As GitHub hides the original diff on merge, it is displayed below for
the sake of provenance:
As this is a foreign pull request (from a fork), the diff is supplied
below (as it won't show otherwise due to GitHub magic):
diff --git a/airflow/logging_config.py b/airflow/logging_config.py
index 84850b4f82..4865f0567a 100644
--- a/airflow/logging_config.py
+++ b/airflow/logging_config.py
@@ -57,9 +57,9 @@ def configure_logging():
.format(logging_class_path, err)
)
else:
- from airflow.config_templates.airflow_local_settings import (
- DEFAULT_LOGGING_CONFIG as logging_config
- )
+ logging_class_path = 'airflow.config_templates.' \
+ 'airflow_local_settings.DEFAULT_LOGGING_CONFIG'
+ logging_config = import_string(logging_class_path)
log.debug('Unable to load custom logging, using default config instead')
try:
@@ -73,7 +73,7 @@ def configure_logging():
validate_logging_config(logging_config)
- return logging_config
+ return logging_class_path
def validate_logging_config(logging_config):
diff --git a/airflow/settings.py b/airflow/settings.py
index 8f8420ea22..8691fe4e75 100644
--- a/airflow/settings.py
+++ b/airflow/settings.py
@@ -261,7 +261,7 @@ def configure_action_logging():
except Exception:
pass
-configure_logging()
+logging_class_path = configure_logging()
configure_vars()
configure_adapters()
# The webservers import this file from models.py with the default settings.
diff --git a/airflow/utils/dag_processing.py b/airflow/utils/dag_processing.py
index 0fe9e917ef..6425f77745 100644
--- a/airflow/utils/dag_processing.py
+++ b/airflow/utils/dag_processing.py
@@ -34,6 +34,7 @@
from collections import defaultdict
from collections import namedtuple
from datetime import timedelta
+from importlib import import_module
import psutil
from six.moves import range, reload_module
@@ -45,6 +46,7 @@
from airflow import configuration as conf
from airflow.dag.base_dag import BaseDag, BaseDagBag
from airflow.exceptions import AirflowException
+from airflow.settings import logging_class_path
from airflow.utils import timezone
from airflow.utils.db import provide_session
from airflow.utils.log.logging_mixin import LoggingMixin
@@ -539,7 +541,9 @@ def helper():
# e.g.

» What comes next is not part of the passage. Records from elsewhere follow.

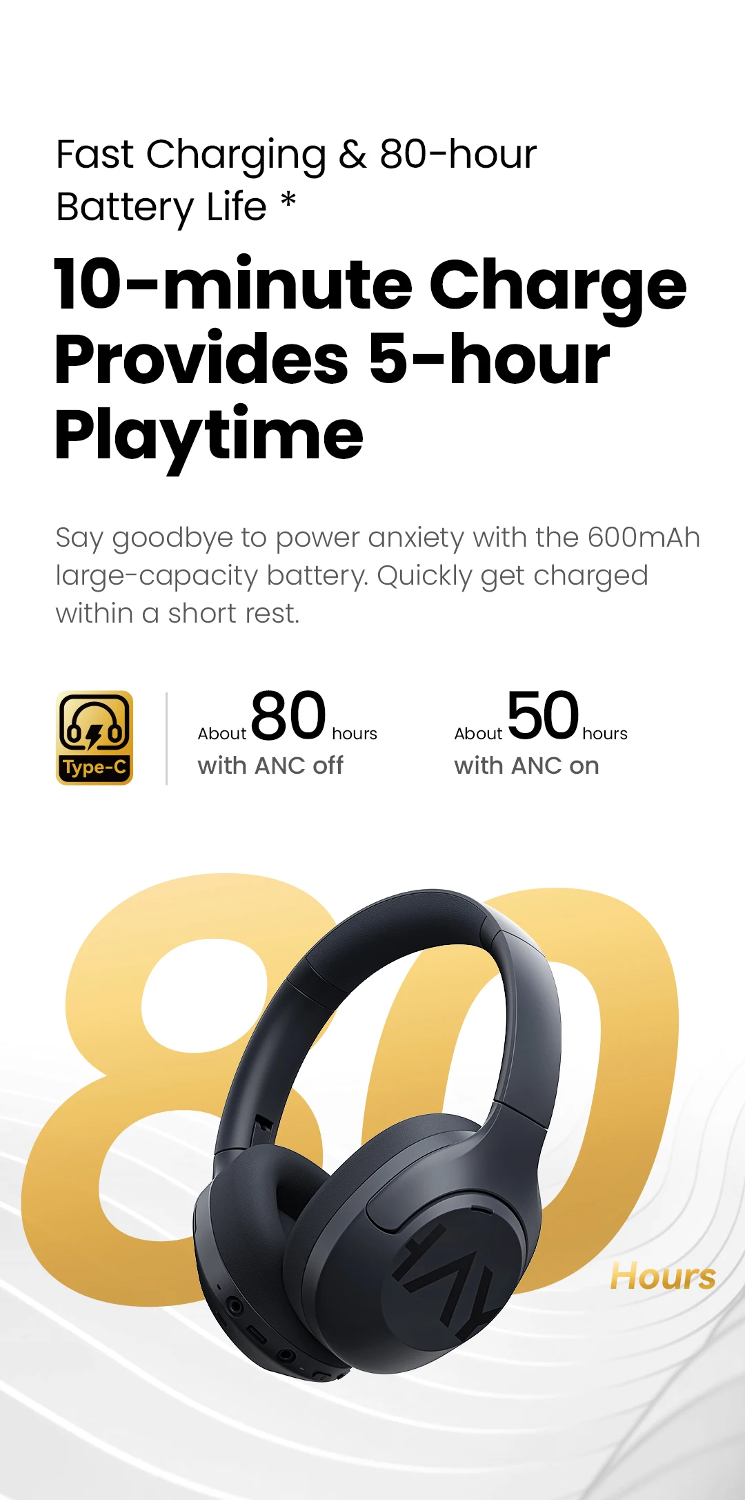 - Headphone battery life: ANC off, about 80 hours ,ANC on, about 50 hours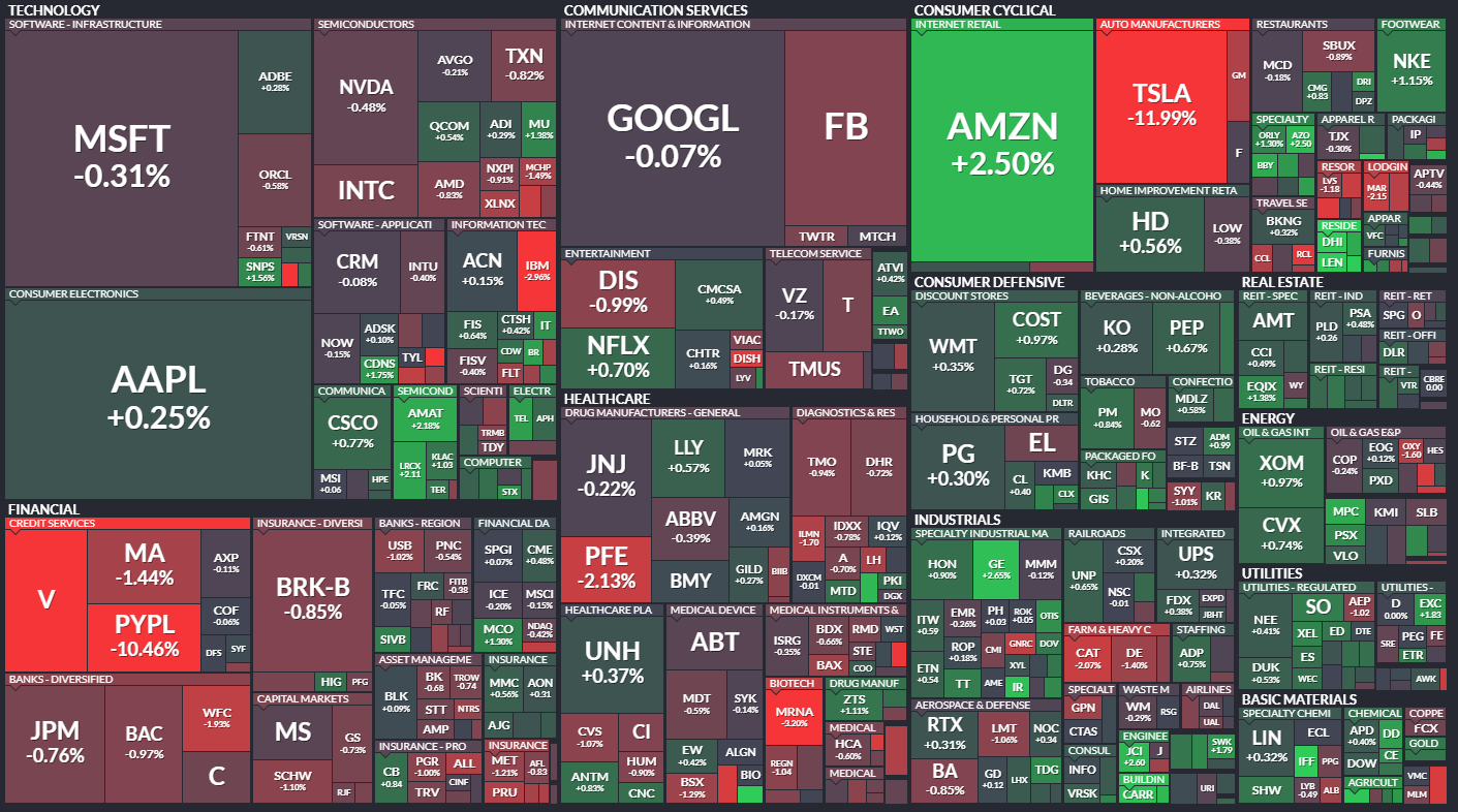 影響力の大きいテスラの-11.99%に引きずられて、一般消費財が下落。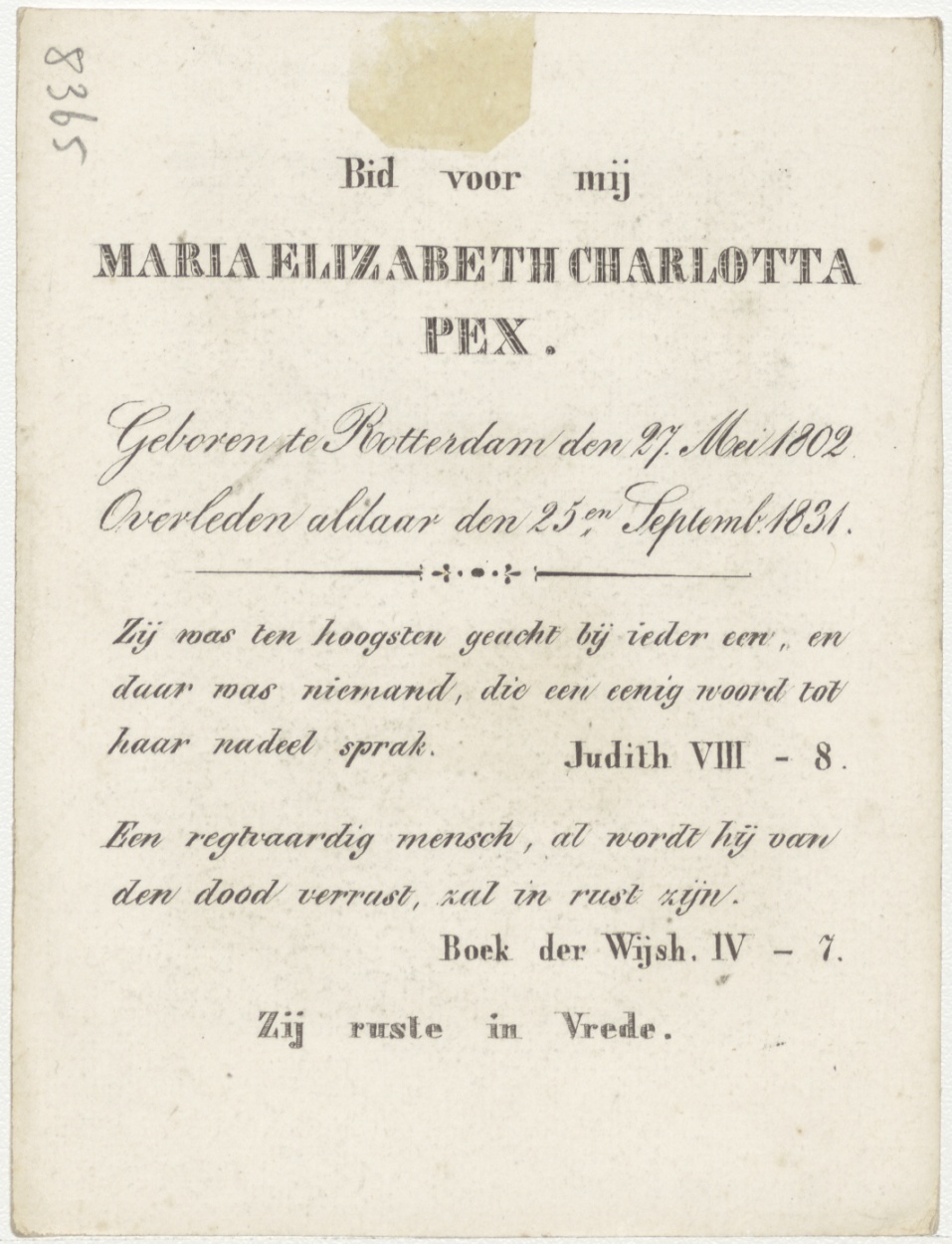 Gebroken zuil, met zandloper (Frans), kz. Bid voor ziel Pex (+1831) Rotterdam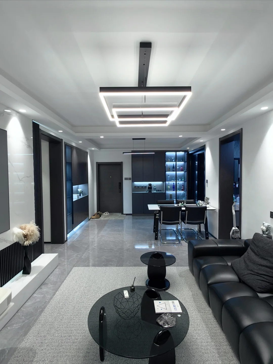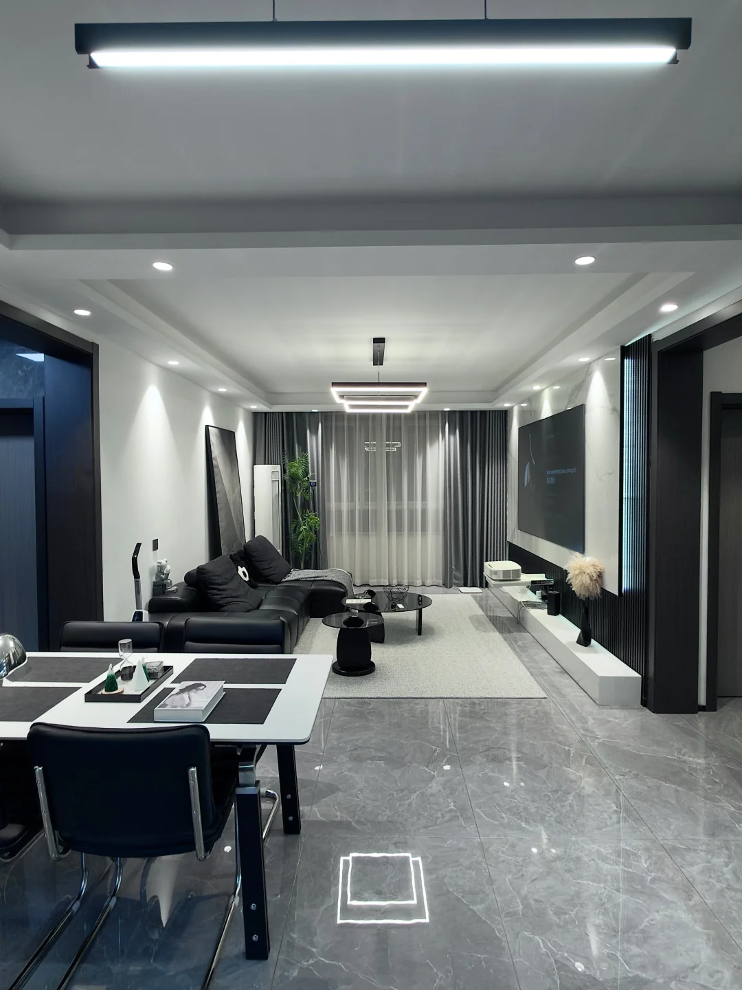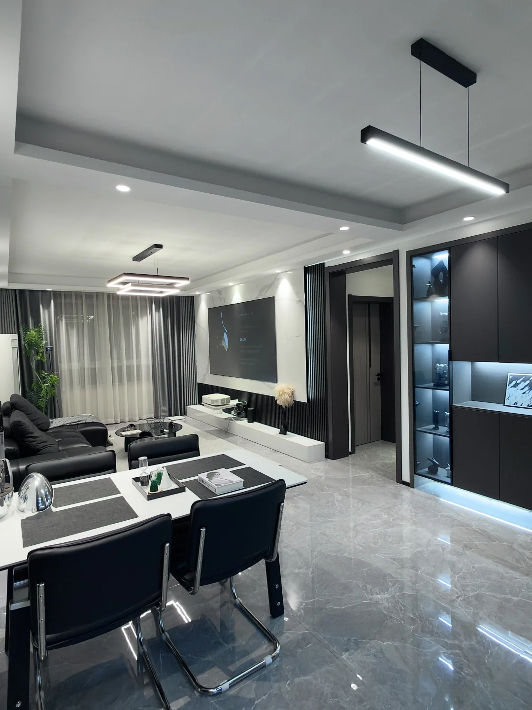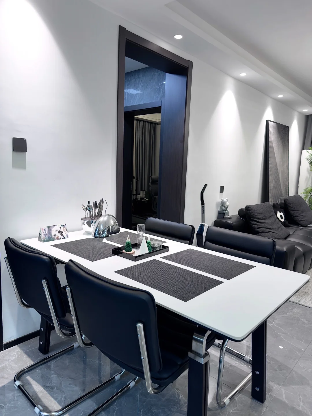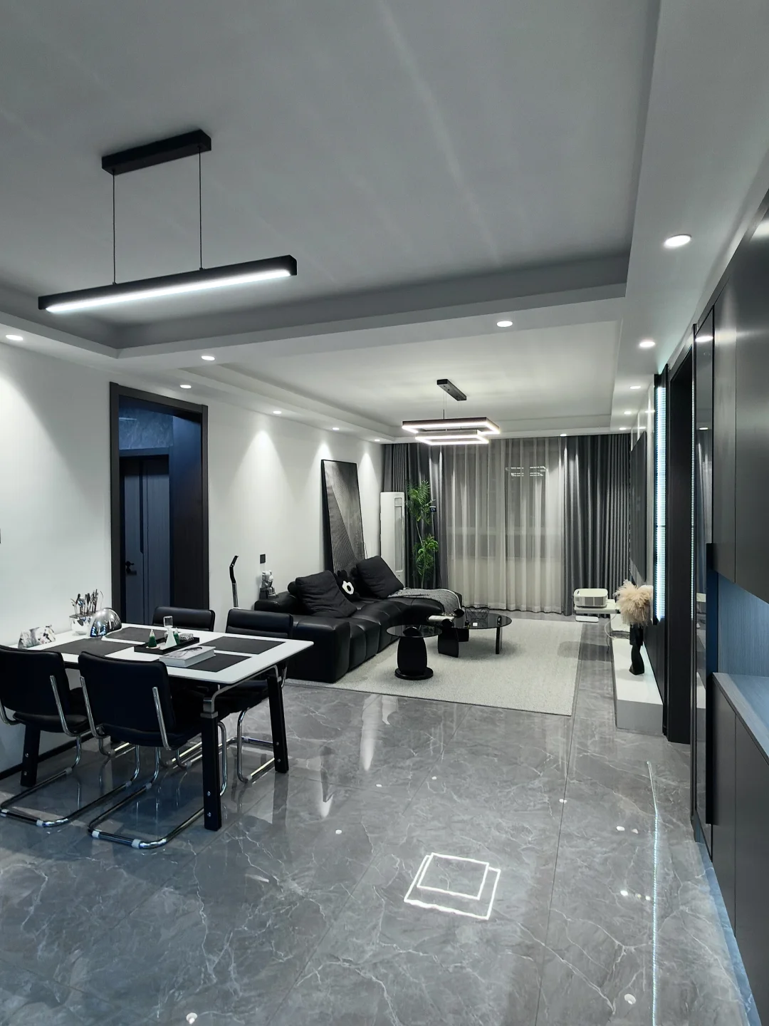 Hi,欢迎来到我的家~ 建面128平,套内115平 户型三室两厅两卫 全程自装,没有请装修公司 - 整体是黑白灰的风格 白色乳胶漆通刷,地面通铺冷灰色大砖 全屋定制柜门肤感灰,柜体科技木灰 白色岩板餐桌搭配黑色皮质座椅 岩板桌面好打理,木质金属桌腿很极简 自己装的小家真的很有成就感~

RotatingFileHandler. And it can cause connection corruption if we
# do not recreate the SQLA connection pool.
os.environ['CONFIG_PROCESSOR_MANAGER_LOGGER'] = 'True'
- reload_module(airflow.config_templates.airflow_local_settings)
+ # Replicating the behavior of how logging module was loaded
+ # in logging_config.py
+ reload_module(import_module(logging_class_path.rsplit('.', 1)[0]))
reload_module(airflow.settings)
del os.environ['CONFIG_PROCESSOR_MANAGER_LOGGER']
processor_manager = DagFileProcessorManager(dag_directory,
diff --git a/tests/utils/test_dag_processing.py b/tests/utils/test_dag_processing.py
index 4043caec56..9c85b66c57 100644
--- a/tests/utils/test_dag_processing.py
+++ b/tests/utils/test_dag_processing.py
@@ -18,12 +18,15 @@
# under the License.
import os
+import sys
+import tempfile
import unittest
from datetime import timedelta
from mock import MagicMock
from airflow import configuration as conf
+from airflow.configuration import mkdir_p
from airflow.jobs import DagFileProcessor
from airflow.jobs import LocalTaskJob as LJ
from airflow.models import DagBag, TaskInstance as TI
@@ -38,6 +41,96 @@
DEFAULT_DATE = timezone.datetime(2016, 1, 1)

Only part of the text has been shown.